- **Available data**:
◇ ◇ ◇ ◇ ◇

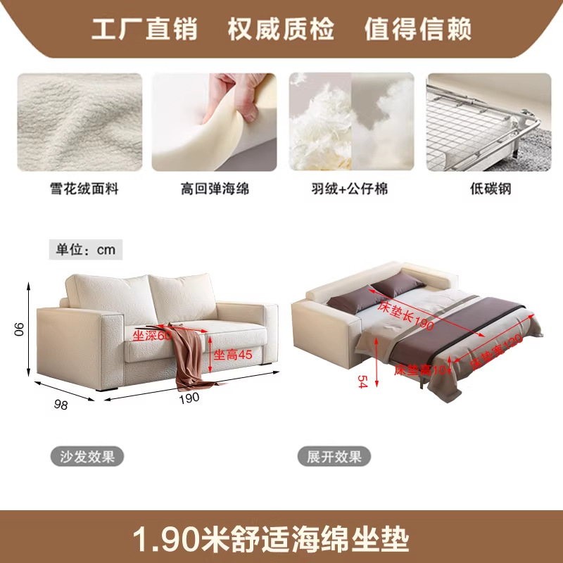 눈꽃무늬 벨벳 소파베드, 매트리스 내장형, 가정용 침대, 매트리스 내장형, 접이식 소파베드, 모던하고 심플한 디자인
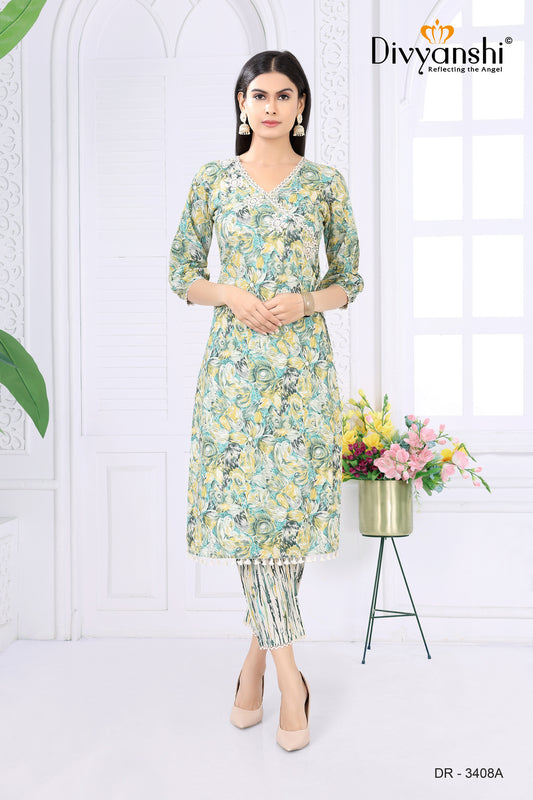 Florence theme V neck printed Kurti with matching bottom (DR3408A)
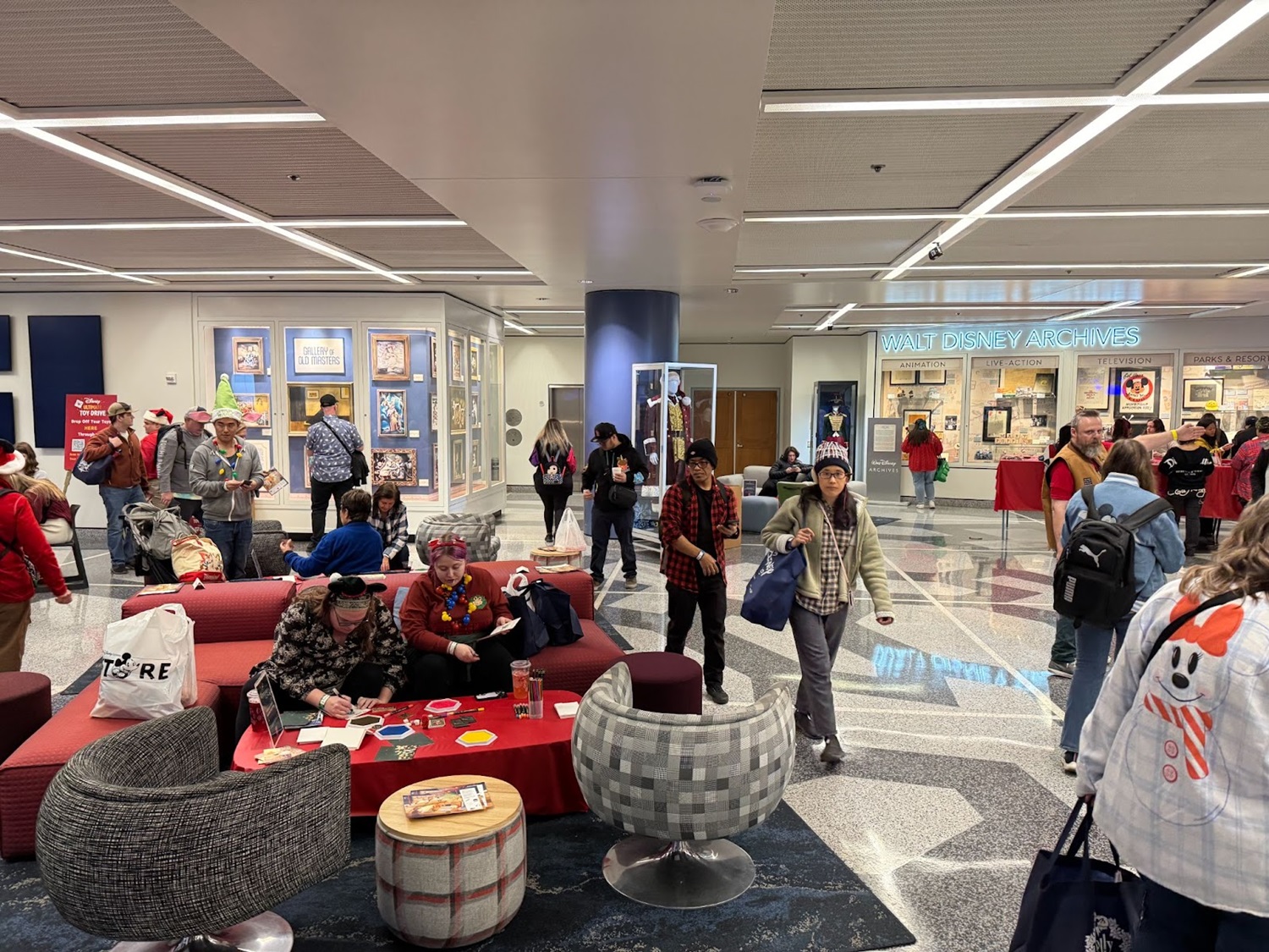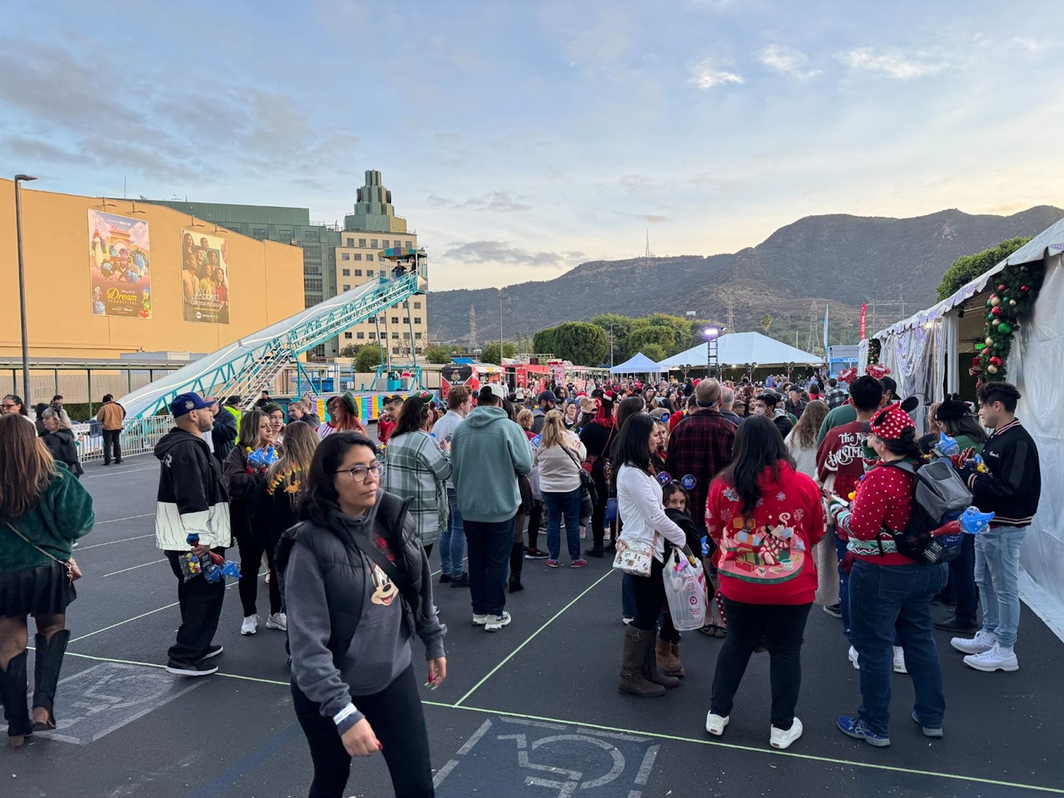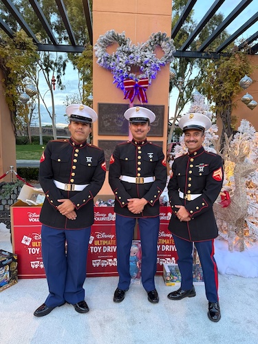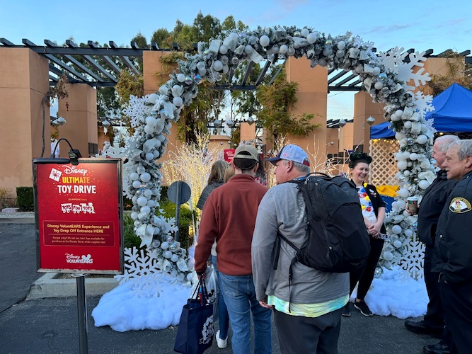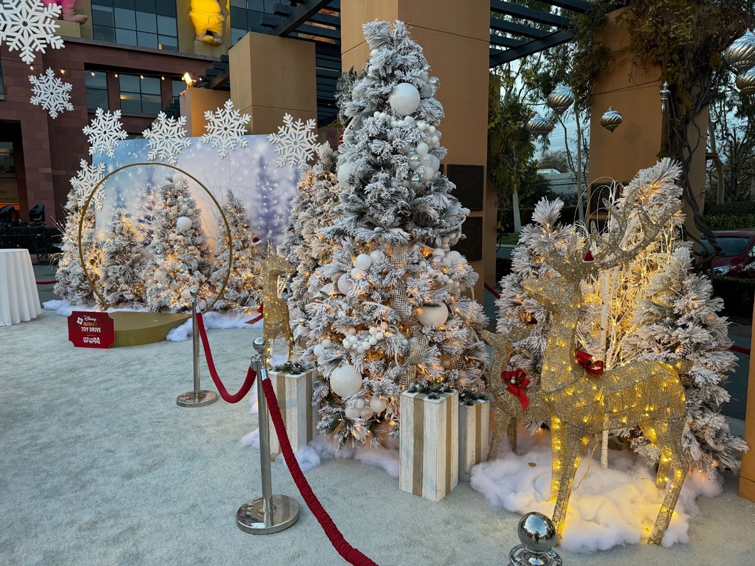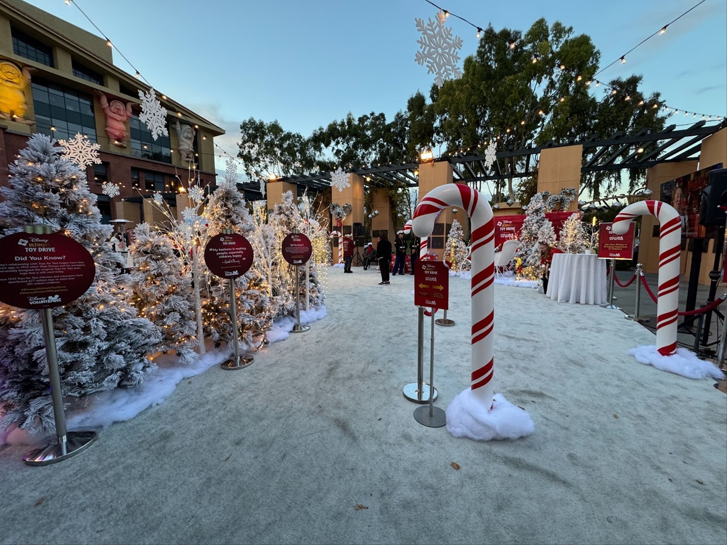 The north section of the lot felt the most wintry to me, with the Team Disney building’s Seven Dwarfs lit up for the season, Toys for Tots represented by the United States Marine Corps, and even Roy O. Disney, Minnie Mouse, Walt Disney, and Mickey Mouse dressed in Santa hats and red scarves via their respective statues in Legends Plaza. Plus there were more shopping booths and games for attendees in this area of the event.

◇ ◇ ◇ ◇ ◇

- **Aim of the exercise**: Output all of the listing above, exactly as given, but without its pictures.

- **Answer space**:
 눈꽃무늬 벨벳 소파베드, 매트리스 내장형, 가정용 침대, 매트리스 내장형, 접이식 소파베드, 모던하고 심플한 디자인
 Florence theme V neck printed Kurti with matching bottom (DR3408A)
 The north section of the lot felt the most wintry to me, with the Team Disney building’s Seven Dwarfs lit up for the season, Toys for Tots represented by the United States Marine Corps, and even Roy O. Disney, Minnie Mouse, Walt Disney, and Mickey Mouse dressed in Santa hats and red scarves via their respective statues in Legends Plaza. Plus there were more shopping booths and games for attendees in this area of the event.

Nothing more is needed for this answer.